Activity
Nothing but the lines from the one with "Khi màn pháo" through the end of the data should be set down, each exactly as written, and no picture should be included.

Information shown
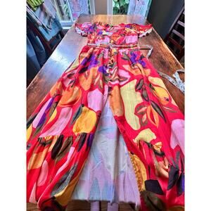 FARM RIO Multicolor Floral Maxi Button Front High Low Ruffle Dress Women's Small
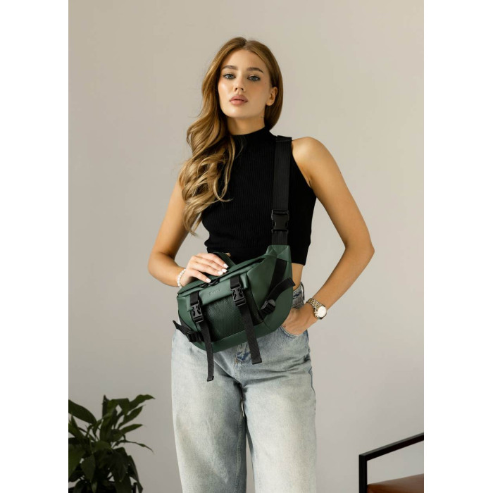 ззовні спереду сумки кишеня з сітки. Всередині сумки, окрім основного відділення, є дві відкриті кишені, одна велика кишеня на блискавці, в якій три відкритих відділення. Ззовні на спинці сумки дві відкриті кишені, куди легко поміститься телефон та інші дрібниці. Стандартний обхват (сумка з ременем) становить від 86 см до 168 см (довжина регулюється). При замовленні в коментарі зазначте необхідну довжину ременя, якщо вона відрізняється від стандартної.
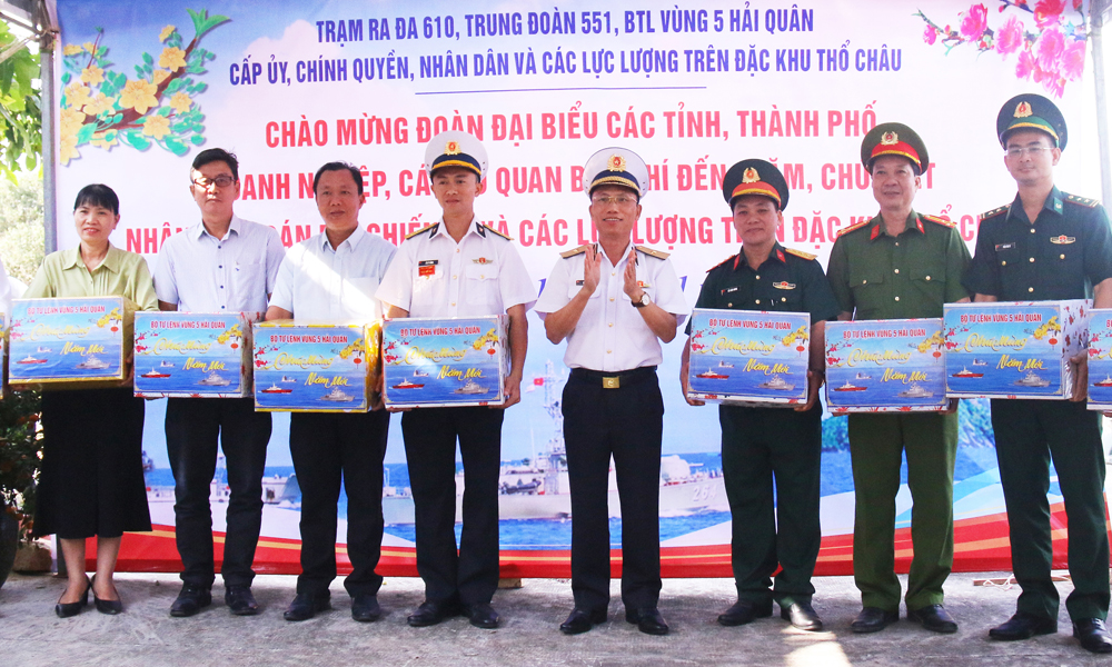 Khi màn pháo hoa trên “đảo ngọc” Phú Quốc tỏa sáng rực rỡ trên bầu trời, cũng là lúc hai chiếc tàu vận tải đổ bộ đa năng mang số hiệu 527 và 528 thuộc Lữ đoàn 127 (Vùng 5 Hải quân) cất vang tiếng còi rời bến, rẽ sóng ra khơi. Tàu đưa đoàn công tác gồm hơn 200 thành viên cùng nhiều phần quà Tết từ đất liền đến với cán bộ, chiến sĩ, Nhân dân và các lực lượng đang làm nhiệm vụ trên vùng biển đảo Tây Nam của Tổ quốc. Suốt hành trình hơn 365 hải lý (hơn 650 km), hai con tàu lần lượt đưa đoàn công tác đến thăm, chúc Tết tại các đảo Thổ Chu, Hòn Khoai, Hòn Chuối, Nam Du, Hòn Đốc rồi trở về Phú Quốc.
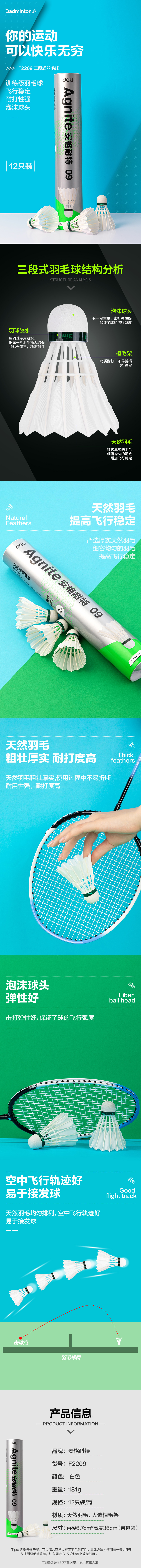 得力 安格耐特羽毛球 F2209 白色 6.7*36mm 12只 1筒

Exercise solution
 Khi màn pháo hoa trên “đảo ngọc” Phú Quốc tỏa sáng rực rỡ trên bầu trời, cũng là lúc hai chiếc tàu vận tải đổ bộ đa năng mang số hiệu 527 và 528 thuộc Lữ đoàn 127 (Vùng 5 Hải quân) cất vang tiếng còi rời bến, rẽ sóng ra khơi. Tàu đưa đoàn công tác gồm hơn 200 thành viên cùng nhiều phần quà Tết từ đất liền đến với cán bộ, chiến sĩ, Nhân dân và các lực lượng đang làm nhiệm vụ trên vùng biển đảo Tây Nam của Tổ quốc. Suốt hành trình hơn 365 hải lý (hơn 650 km), hai con tàu lần lượt đưa đoàn công tác đến thăm, chúc Tết tại các đảo Thổ Chu, Hòn Khoai, Hòn Chuối, Nam Du, Hòn Đốc rồi trở về Phú Quốc.
 得力 安格耐特羽毛球 F2209 白色 6.7*36mm 12只 1筒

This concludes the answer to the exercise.